Similarly to ADNI, AIBL seeks to discover which biomarkers, cognitive characteristics, and health and lifestyle factors determine the development of AD. The AIBL project includes a longitudinal cohort of patients. Several modalities are present in the dataset, such as clinical and imaging (MRI and PET) data, as well as the analysis of blood and CSF samples.


The OASIS project includes three cohorts, OASIS- 1, OASIS-2 and OASIS-3. The first cohort is only cross-sectional, whereas the other two are longitudinal. Available data is more limited than in ADNI with only few clinical tests and imaging data (MRI, and PET only in OASIS-3).
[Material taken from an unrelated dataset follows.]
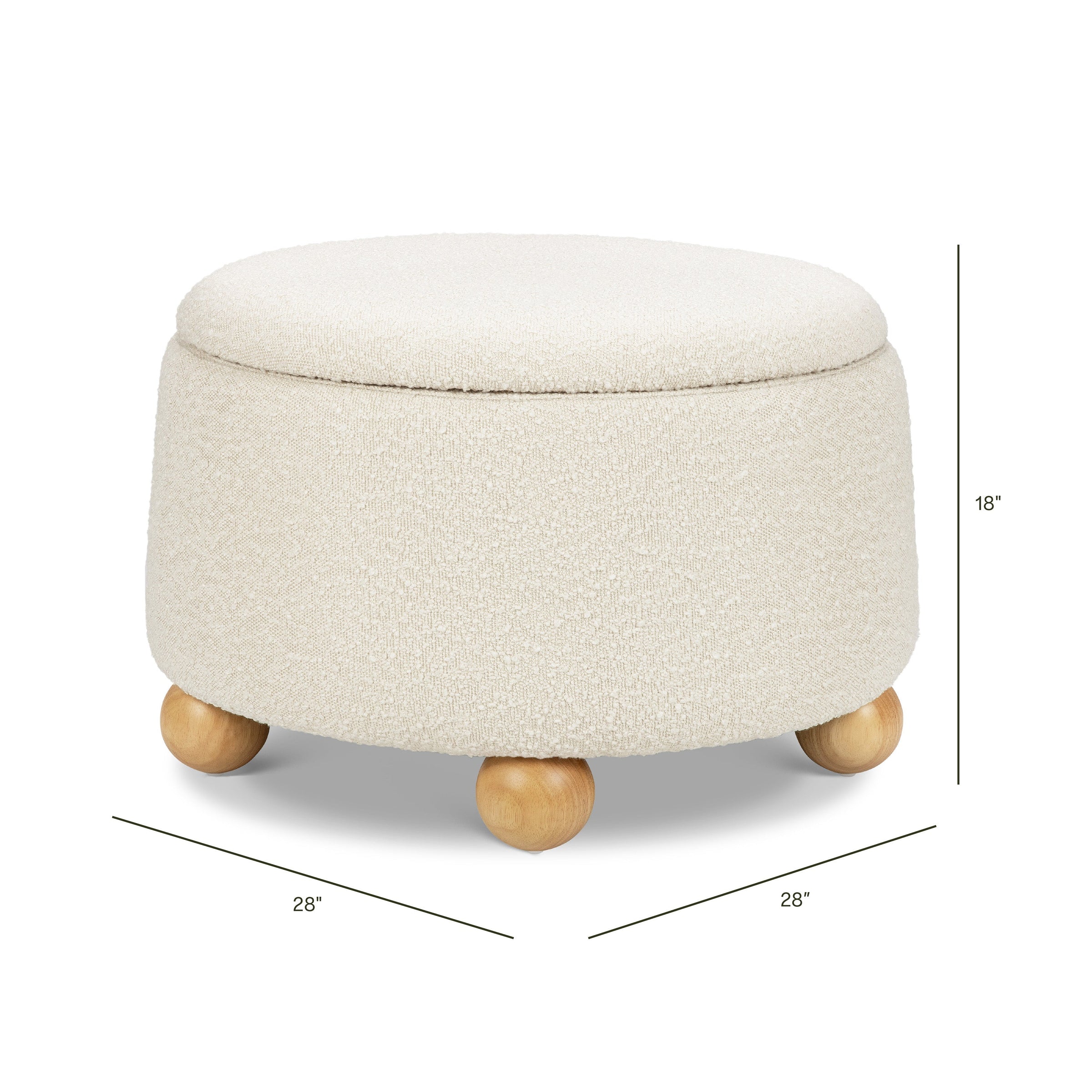The Tuffet Storage Ottoman combines style and function with its plush upholstery and versatile design. Wooden ball feet add a distinctive touch while providing sturdy support, and the removable lid reveals a spacious interior for convenient storage. Perfect as a footrest, extra seating, or an elegant organizational solution.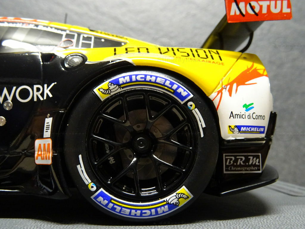 The BBR model impresses with its precise craftsmanship and careful reproduction of many small details. In the photos, you can see the curved lines of the bodywork, the race-ready aerodynamics, and the intricate paint details. Particularly striking are the color-contrasted number plates and the realistic paintwork reminiscent of the original. The wheels and tires are also accurately replicated, conveying an authentic impression of racing car aesthetics. This model surely holds a special place in "Stingrayman's" collection, both for its craftsmanship and its history as a successful racing vehicle.

Data used in this tutorial were obtained from the ADNI database ( and the OASIS project (

Labels of interest in the context of Alzheimer’s disease

During the evolution of the disease, the diagnostic status of the participants may progress from cognitively normal, then to mild cognitive impairment, and finally to AD dementia. This diagnostic status is established by clinicians based on cognitive scores such as the Mini-Mental State Evaluation (MMSE) and the Clinical Dementia Rating (CDR). Even though assessment protocols are standardized, these scores can be highly variable based on the examiner and the physical/psychological condition of the patient during the test.

The goal of ADNI neuropsychological testing is to use standardized procedures to objectively and reliably assess a subject’s cognitive abilities. However, neuropsychological testing is not a mechanical process. The examiner encounters a wide range of emotional and physical problems that can interfere with testing, and the skill and judgment of the examiner often affect the subject’s willingness to be tested and the effort he/she invests.

Excerpt from the ADNI general procedure manual, p.76

To limit the influence of the variabilities in the results of neuropsychological tests, diagnostic labels can be defined based on the stability of the diagnostic status over time:

  • CN (cognitively normal): corresponds to subjects who were diagnosed as cognitively normal during all their follow-up;

  • AD (Alzheimer’s disease): corresponds to subjects who were diagnosed as demented during all their follow-up;

  • MCI (mild cognitive impairment): corresponds to subjects who were diagnosed as mild cognitive impairment at baseline, who did not encounter multiple reversions and conversions and who did not convert back to cognitively normal;

  • pMCI (progressive MCI): corresponds to sessions of subjects who were diagnosed as mild cognitive impairment at baseline, and progressed to dementia during the 36 months (time horizon) following the current visit;

  • sMCI (stable MCI): correspond to sessions of subjects who were diagnosed as mild cognitive impairment at baseline, remained stable during the 36 months (time horizon) following the current visit and never progressed to dementia.

Time horizon:

In this notebook, we set the time horizon to 36 months. The time horizon allows us to study the stability of MCI patients and to sort them between sMCI and pMCI classes.

A word on the OASIS dataset

For this tutorial we have chosen to use OASIS-1 because of its easy access, however it is quite different from other commonly used datasets ADNI and AIBL.

In OASIS-1, only two diagnostic status are given:

  • CN (corresponding to a null CDR),

  • AD (corresponding to a non-null CDR).

This definition of the diagnostic status does not correspond to the one of ADNI for which it is based on other neuropsychological scores corrected by the level of education of participants. Moreover, in ADNI, a CDR of 0.5 leads to the MCI status whereas in OASIS it corresponds to “probable AD” as for all patients with a non-null CDR.

Finally, be aware that the OASIS-1 dataset is cross-sectional and not longitudinal, meaning that there is only one asssessment per participant. This also means that the stability of the diagnostic status cannot be assessed.